18
$\begingroup$

Let $\sigma(x)$ denote the sum of the divisors of $x$, and denote the abundancy index of $x$ as $$I(x) = \dfrac{\sigma(x)}{x},$$ and the deficiency of $x$ as $$D(x) = 2x - \sigma(x).$$ If the equation $I(a)=b/c$ has no solution $a \in \mathbb{N}$, then $b/c$ is said to be an abundancy outlaw.

Statement of the Problem

When $p$ is an odd prime, is $(p+2)/p$ an outlaw or an index?

Preliminary Results

The following lemmas are easy to show:

Lemma 1. If $p$ is an odd prime, and $(p+2)/p$ is the abundancy index of some integer $n$, then $n$ is deficient.

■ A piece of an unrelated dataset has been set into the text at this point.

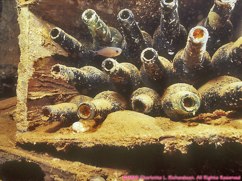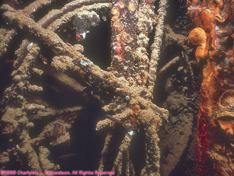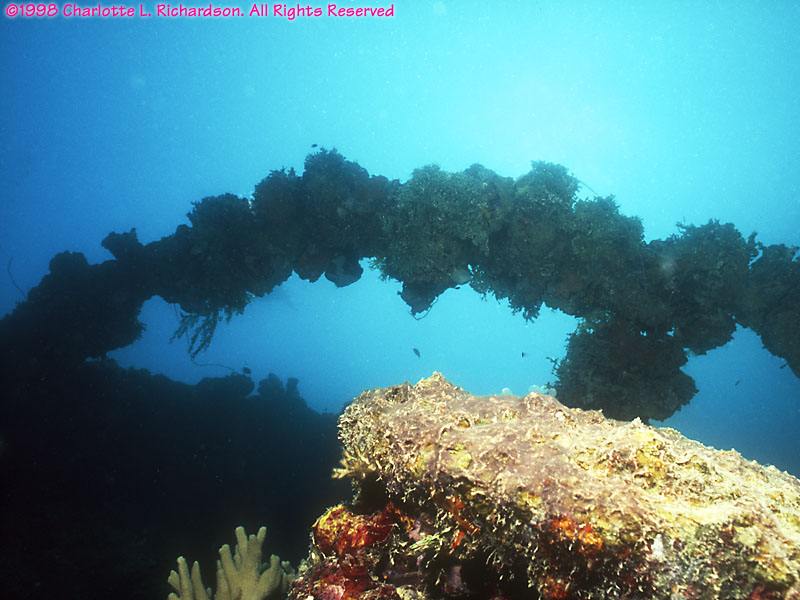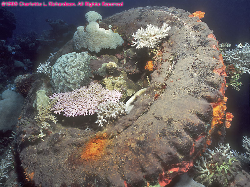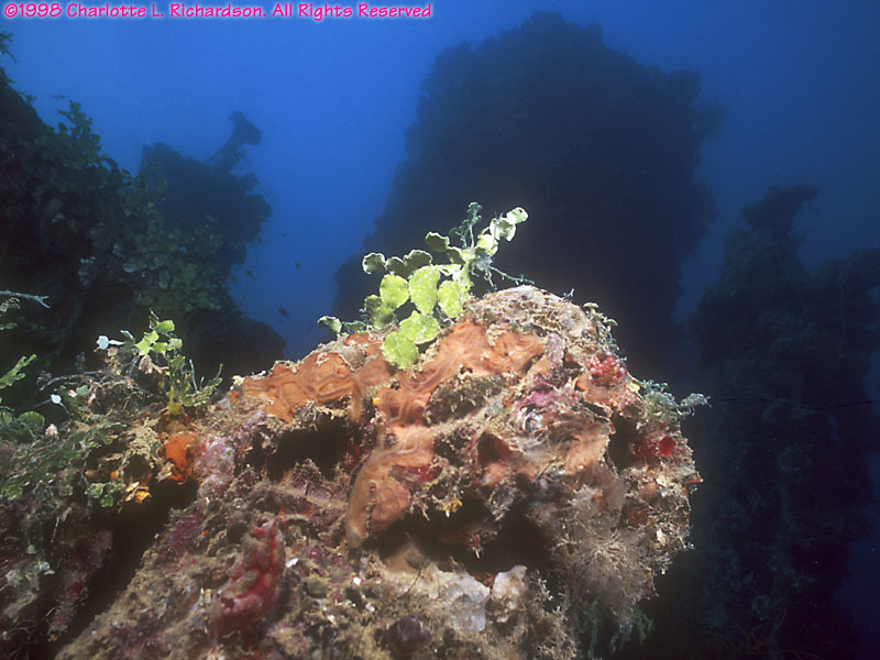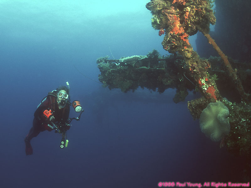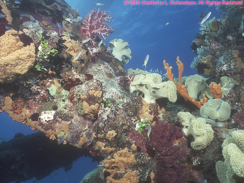 Fujikawa Maru: The most spectacular wreck we dived, the Fujikawa Maru is a 436' armed aircraft ferry with large deck guns and lots of cargo, resting upright with the deck at 50' and the stubs of two masts exposed, near Eten Island.

Lemma 2. If $p$ is odd, then $\gcd(p,p+2)=1$.

Lemma 3. If $p$ is an odd prime and $I(n) = (p+2)/p$, then $D(n) = 2n - \sigma(n) \neq 1$.

Lemma 4. If $p$ is an odd prime and $I(n) = (p+2)/p$, then $p < n$.

Lemma 5. If $p$ is an odd prime and $I(n) = (p+2)/p$, then $\gcd(n,\sigma(n)) \neq 1$.

Remarks

In fact, one can show that, if $p$ is an odd prime and $I(n) = (p+2)/p$, then $$\sigma(n) = \bigg(\dfrac{n}{p}\bigg)\cdot(p+2)$$ and $$n = \bigg(\dfrac{\sigma(n)}{p+2}\bigg)\cdot(p).$$ (Note that $n/p$ and $\sigma(n)/(p+2)$ are (equal) integers because of Lemma 2.) Consequently, we obtain $$\gcd(n,\sigma(n)) = \dfrac{n}{p} = \dfrac{\sigma(n)}{p+2}.$$ (Note further that both $\gcd(n,\sigma(n)) \leq n/3$ and $\gcd(n,\sigma(n)) \leq \sigma(n)/5$ hold.)

Added September 16 2017

Given that $X = A/B = C/D$ ($B \neq 0$, $D \neq 0$, and $B \neq D$), we can make use of the algebraic identity $$\frac{A}{B}=\frac{C}{D}=\frac{C-A}{D-B}$$ to get another expression for $$\gcd(n,\sigma(n)) = \dfrac{n}{p} = \dfrac{\sigma(n)}{p+2}.$$

Indeed, $$\gcd(n,\sigma(n)) = \dfrac{n}{p} = \dfrac{\sigma(n)}{p+2} = \frac{\sigma(n) - n}{2}.$$ This last finding implies that $$\bigg(\frac{\sigma(n) - n}{2}\bigg) \mid n \iff (\sigma(n) - n) \mid (2n) \iff 2n = (\sigma(n) - n){d_1}$$ and $$\bigg(\frac{\sigma(n) - n}{2}\bigg) \mid \sigma(n) \iff (\sigma(n) - n) \mid (2\sigma(n)) \iff 2\sigma(n) = (\sigma(n) - n){d_2}.$$ Note that $2 \mid (\sigma(n) - n)$. Additionally, notice that $$2\gcd\left(n,\sigma(n)\right) = \gcd\left(2n, 2\sigma(n)\right) = \gcd\left((\sigma(n) - n){d_1},(\sigma(n) - n){d_2}\right)$$ $$= \left(\sigma(n) - n\right)\gcd({d_1},{d_2}) \iff \frac{2\gcd\left(n,\sigma(n)\right)}{\left(\sigma(n) - n\right)}=1=\gcd({d_1},{d_2}).$$ In fact, $$d_1 = \frac{2n}{\sigma(n) - n} = p$$ and $$d_2 = \frac{2\sigma(n)}{\sigma(n) - n} = p+2.$$ Double-checking if it is indeed the case that ${d_1}+2={d_2}$: $$d_1 = \frac{2n}{\sigma(n) - n} + 2 = \frac{2n + 2(\sigma(n) - n)}{\sigma(n) - n} = \frac{2\sigma(n)}{\sigma(n) - n} = d_2.$$ So far so good!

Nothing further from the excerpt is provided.